Task brief → Images appear in the records below; leave them out and repeat everything else exactly.

* * * * * * *

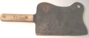 1910 BIG WEIRD SHAPE ANTIQUE KNIFE HAND FORGED BUTCHER SHOP MEAT CLEAVER CASE
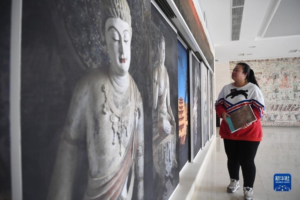 敦煌研究院文物數(shù)字化保護(hù)團(tuán)隊圖像處理人員年海麗從莫高窟照片墻前走過(4月25日攝)。
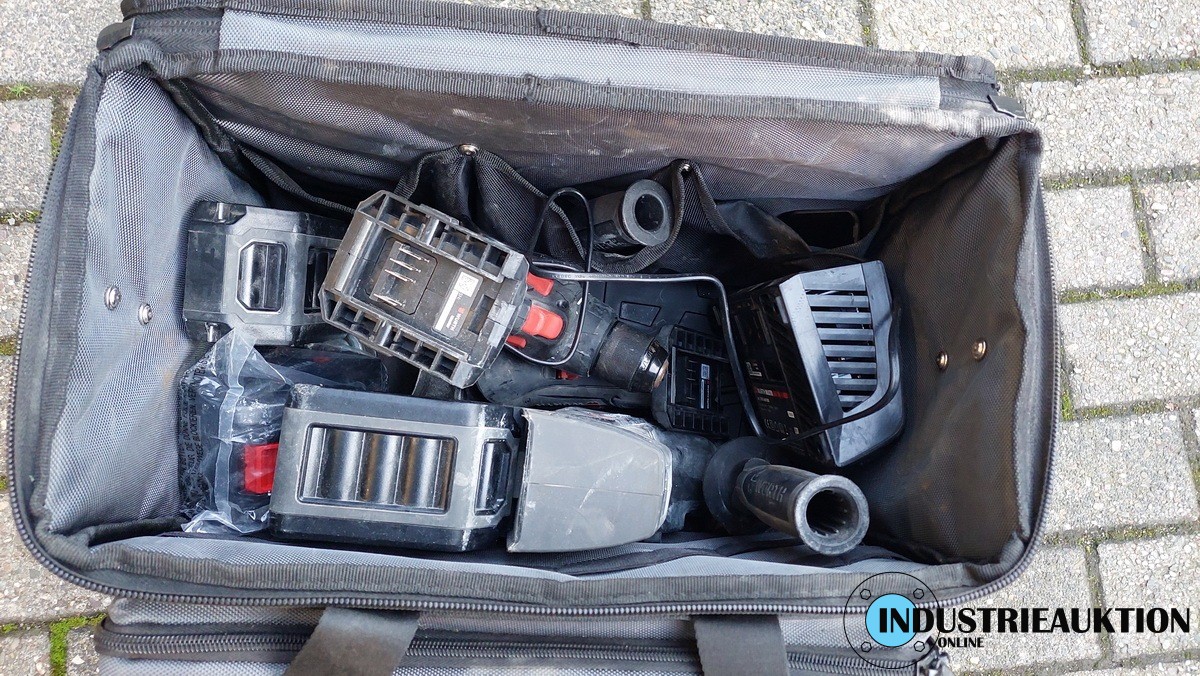 Akku-Maschinensatz ABS/ABH/AWS + Tasche, Bj. 24, Akku-Bohrschrauber ABS 18 compact, Akku-Bohrhammer ABH 18 Compact, Akku-Winkelschleifer AWS 18-125 Compact, Ladegerät M-Cube 18V, 3 Li-Ion Akkus 18V/5AH, gebraucht
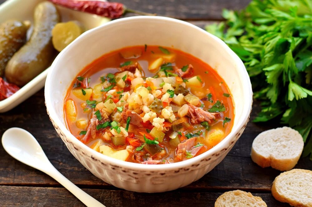Рассольник - слово русского происхождения, появившееся в лексиконе и закрепившееся в 19 веке. До этого традиционный кислый суп называли "кальей", которую готовили на любом рассоле или добавляли лимонный сок (традиционный рассольник в современном формате готовится только на соленых огурцах). Прижился рассольник в России быстро. Только рецепт его еще долго варьировался в зависимости от вкусов поваров. Кроме огурцов и кислой основы, добавляли картофель, морковь, лук, репу, большое количество всевозможных пряностей и зелени (сельдерей, петрушка, укроп, щавель, чабер, эстрагон). В качестве крупы могли использовать перловку или овсянку. В рассольник могли добавлять почки и говядину (тогда лучше дополнять суп перловой крупой), потроха курицы, индейки и другой птицы (для этого рецепта больше подойдет рис), свинину, баранину, птицу «с косточкой (традиционно в качестве дополнения использовалась овсяная крупа). Мясо желательно варить с костями. По завершению варки их устраняли, а мясо мелко рез
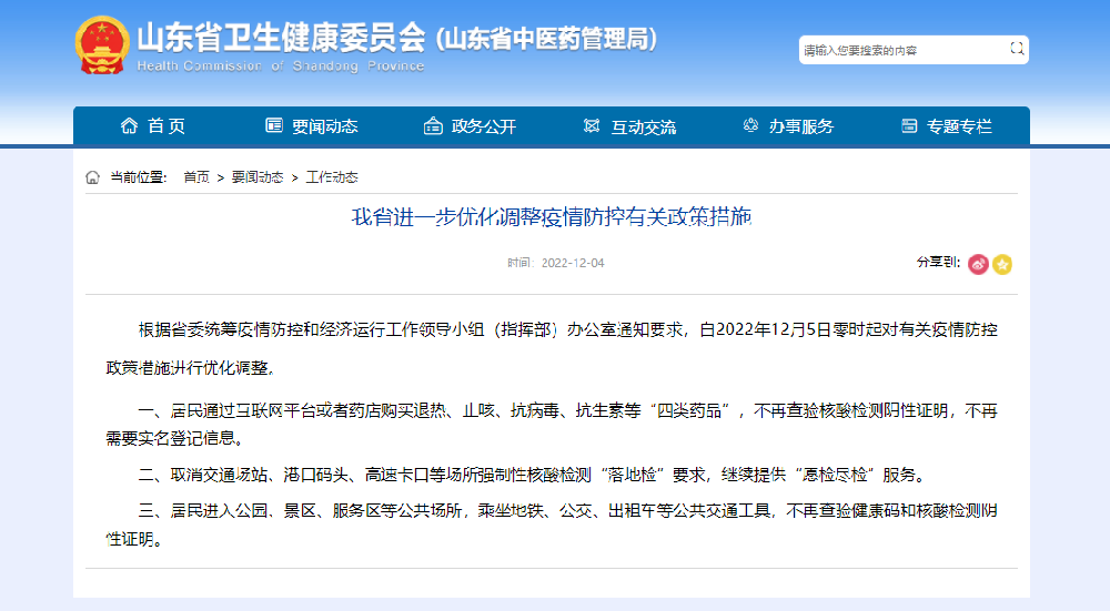 12月4日,山東省衛(wèi)健委發(fā)布消息:根據(jù)省委統(tǒng)籌疫情防控和經(jīng)濟(jì)運(yùn)行工作領(lǐng)導(dǎo)小組(指揮部)辦公室通知要求,自2022年12月5日零時(shí)起對(duì)有關(guān)疫情防控政策措施進(jìn)行優(yōu)化···

* * * * * * *

Completed exercise →
 1910 BIG WEIRD SHAPE ANTIQUE KNIFE HAND FORGED BUTCHER SHOP MEAT CLEAVER CASE
 敦煌研究院文物數(shù)字化保護(hù)團(tuán)隊圖像處理人員年海麗從莫高窟照片墻前走過(4月25日攝)。
 Akku-Maschinensatz ABS/ABH/AWS + Tasche, Bj. 24, Akku-Bohrschrauber ABS 18 compact, Akku-Bohrhammer ABH 18 Compact, Akku-Winkelschleifer AWS 18-125 Compact, Ladegerät M-Cube 18V, 3 Li-Ion Akkus 18V/5AH, gebraucht
Рассольник - слово русского происхождения, появившееся в лексиконе и закрепившееся в 19 веке. До этого традиционный кислый суп называли "кальей", которую готовили на любом рассоле или добавляли лимонный сок (традиционный рассольник в современном формате готовится только на соленых огурцах). Прижился рассольник в России быстро. Только рецепт его еще долго варьировался в зависимости от вкусов поваров. Кроме огурцов и кислой основы, добавляли картофель, морковь, лук, репу, большое количество всевозможных пряностей и зелени (сельдерей, петрушка, укроп, щавель, чабер, эстрагон). В качестве крупы могли использовать перловку или овсянку. В рассольник могли добавлять почки и говядину (тогда лучше дополнять суп перловой крупой), потроха курицы, индейки и другой птицы (для этого рецепта больше подойдет рис), свинину, баранину, птицу «с косточкой (традиционно в качестве дополнения использовалась овсяная крупа). Мясо желательно варить с костями. По завершению варки их устраняли, а мясо мелко рез
 12月4日,山東省衛(wèi)健委發(fā)布消息:根據(jù)省委統(tǒng)籌疫情防控和經(jīng)濟(jì)運(yùn)行工作領(lǐng)導(dǎo)小組(指揮部)辦公室通知要求,自2022年12月5日零時(shí)起對(duì)有關(guān)疫情防控政策措施進(jìn)行優(yōu)化···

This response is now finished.